In a masterful move that blends interactive design with hyperrealism, New York-based designer Talia Cotton, who’s one of the leading graphic designers of the moment to embrace the possibilities of code, has dreamed up an intriguing website that reacts to a user moving a cursor around the page. Designed for a new public relations agency called The Last Agency, the website (and accompanying brand identity) consists of a single landing page and a full-screen wallpaper of a scratched-up steel surface that looks eerily real. As you move your cursor, the light appears to bounce off the steel, like tilting a piece of metal in the sun. The underlying design principles harken back to 1980s skeuomorphic design but with one important differentiator: it doesn’t sacrifice behavior for style. Think of it as skeuomorphic design 2.0 with a clear purpose: to borrow from the real world to make a new company appear trustworthy in the digital space.
It all starts with a brief that called for a brand identity that is both nostalgic and forward-thinking. “It’s IBM meets TWA,” says Cotton. (The original logo was designed by graphic designer Hannah Nathans and is closer to IBM, but Cotton gave it a “TWA” twist by tweaking it so that the thickness of each stripe decreases with each letter, suggesting an evolution.)
Once the logo was in place, Cotton went through a dozen wildly contrasting iterations of the website, always experimenting with those blurred boundaries between the physical and the digital realms. In one version, she played with Moiré, where two ruled patterns are superimposed over each other to create a sense of motion. In another, she was inspired by the kind of shadows that blinds might cast on a wall, except in this case, the shadows spelled “The Last Agency” and the angle of the shadow varied based on the time and day you would visit the website. “I really liked the idea to bring that to the digital realm,” she says.
Eventually, the team landed on the substance of steel, which is meant to evoke resilience and the idea that this is “the last agency you’re going to need,” says Cotton.
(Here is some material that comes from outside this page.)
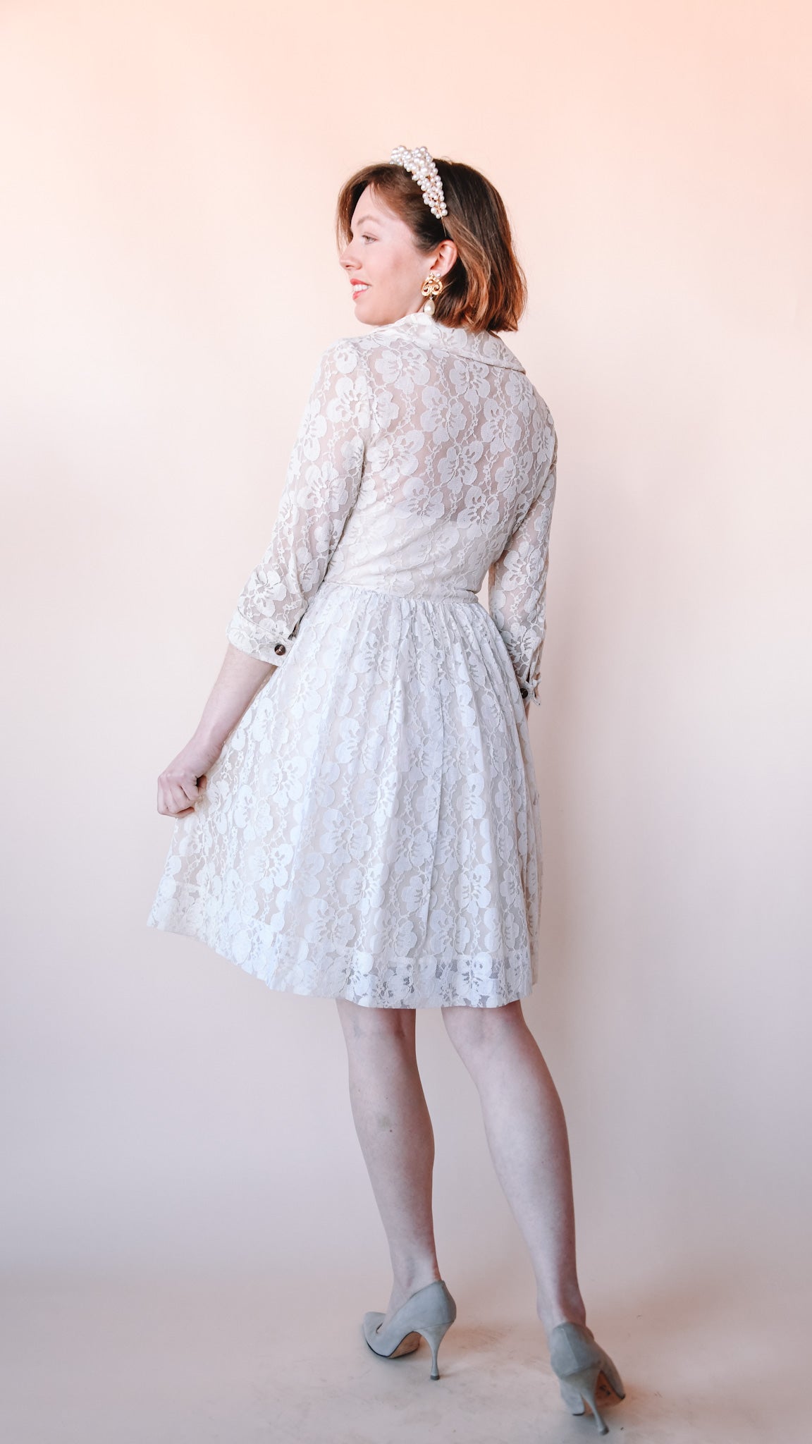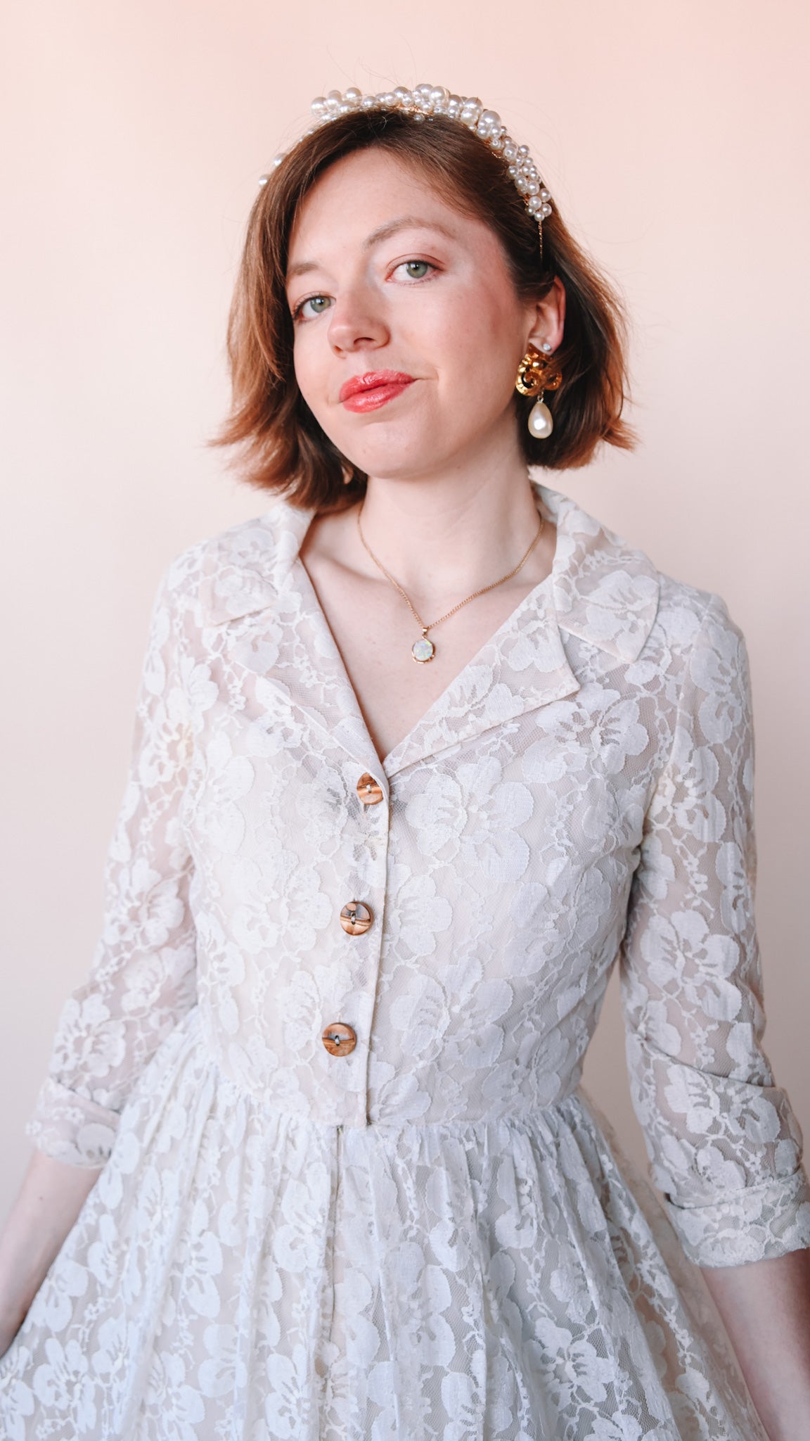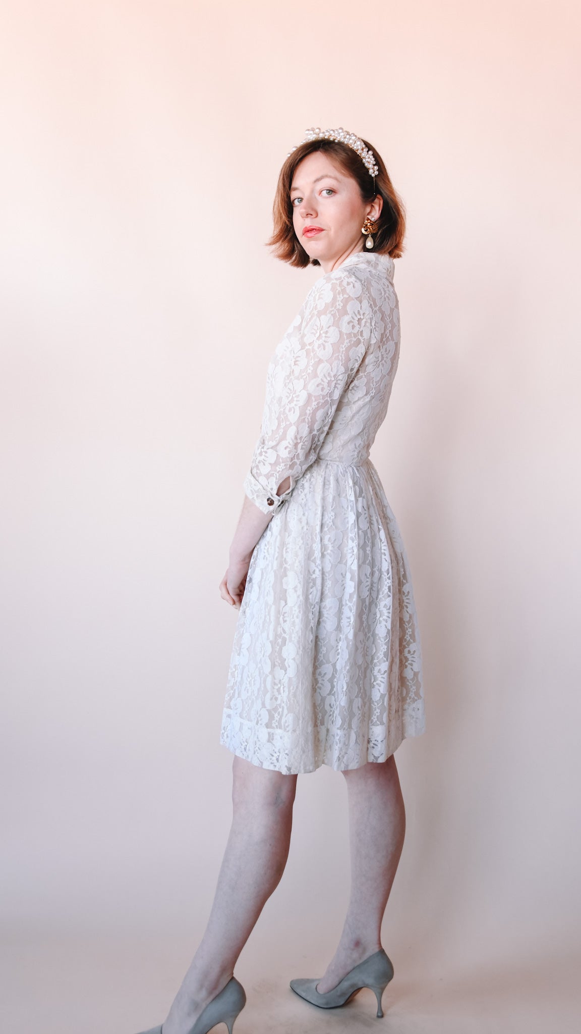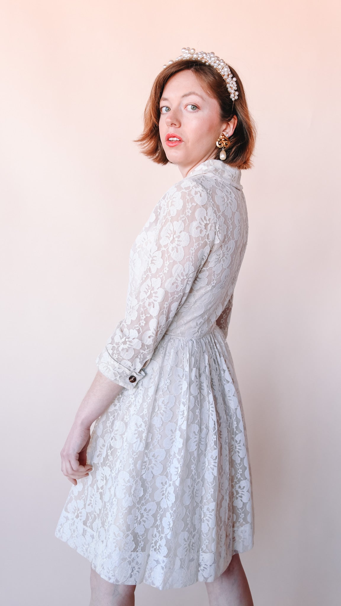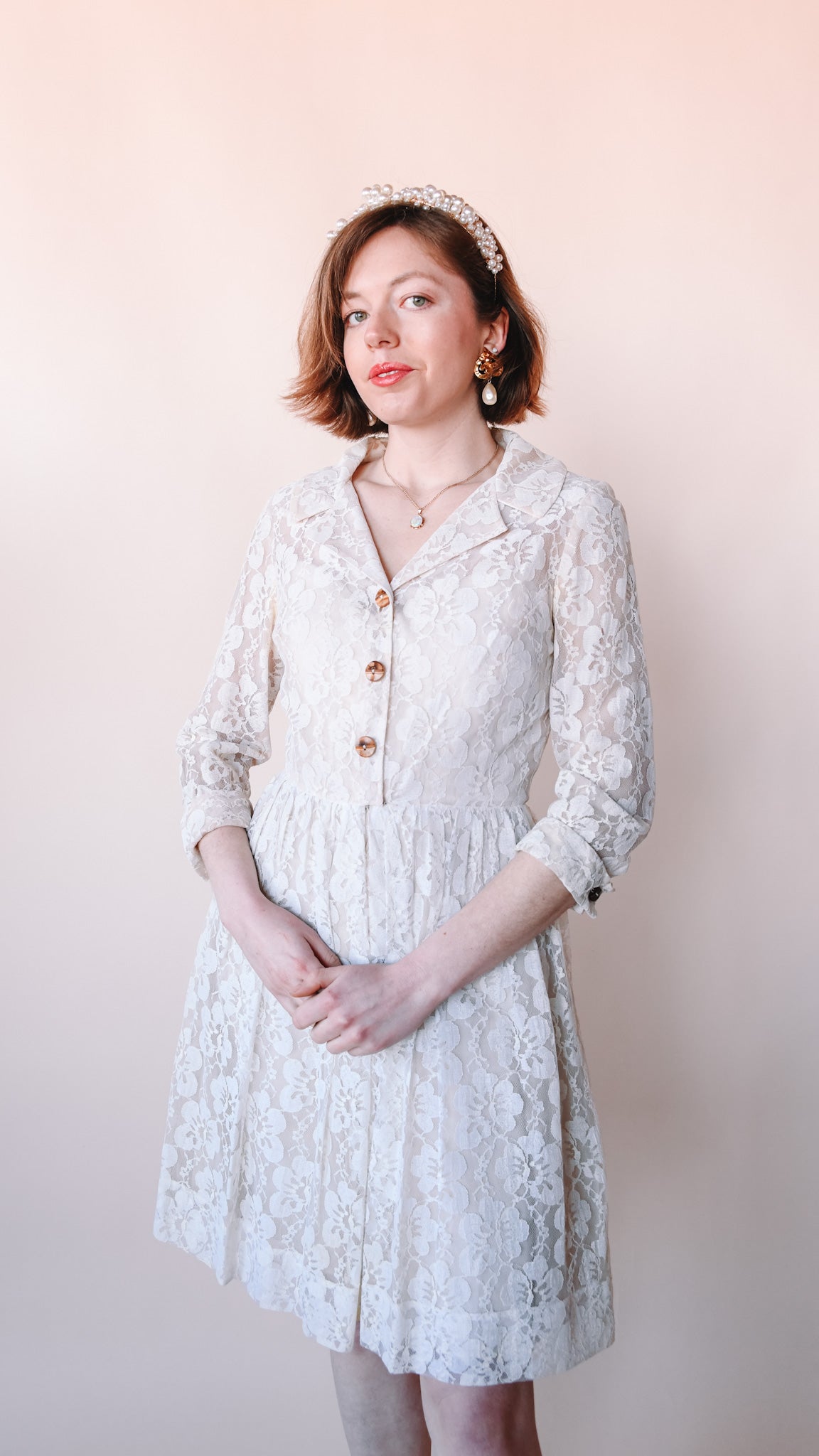 Cream lace knee-length fit-and-flare dress featuring wooden buttons. Collared. French cuffs. Lined. Slip zips up the front.

Here again, grounding the website in real-life materiality was key. “It became less about a nod to the past and more about the physical qualities of something everlasting,” she says.
Cotton started with a scratched-up steel surface that looks like it has been through a lot. But the real magic comes in when you move the cursor around the page, which makes the light shift ever so gently across the typeface on the screen. “The whole site is an illusion,” says Cotton. “It looks 3D and it’s not.”
For an added layer of interaction, Cotton has hidden a fun “easter egg” on the landing page. If you press the letter “c”, a camera icon pops up in the bottom-right corner. Click to allow the site to use your front camera, and you will find a highly blurred version of your face reflected against the steel backdrop. As the light on the screen shifts based on your head movement, the physical quality of the digital image becomes even more convincing.
The experience is reminiscent of skeuomorphic design for a reason. The original purpose of skeuomorphism was to paint scary technology as a more familiar, approachable object, and Cotton is arguably doing that by covering the website’s landing page with a hyperrealistic steel texture. But Cotton isn’t just reviving skeuomorphic design in a more modern way, she’s leveraging it for a whole other purpose—to instill trust. You could call it skeuomorphic design 2.0.
To be fair, Cotton is a bit reticent about the skeuomorphic design label. “It’s hard to take it at face value without imposing any historical connotation regarding its trends in interface design,” she says of a movement that introduced digital page flips that mimic the way a page would flip in real life, or a camera phone making the shutter sound of an analog camera. But she agrees with an updated definition of the term, where skeuomorphic design illustrates something that appears realistic (the scratched steel glinting in the sun) but crucially, lets you interact with it in a realistic way as well.
It’s a fun user experience, but it’s functional, too. “I find that in design, the more real something looks, the more trustworthy it feels,” she says, comparing a color photograph to an illustration. “And I think it was necessary to set the tone of The Last Agency as trustworthy since they’re so new.”
Ironically, Cotton doesn’t think that the same principle applies to the brand’s physical assets like their business card or letterhead, both of which use a different, black-and-white version of the logo. “I think it only works as an application on the web,” says Cotton. “As soon as you replicate that web experience in the physical world, it loses half of its meaning.”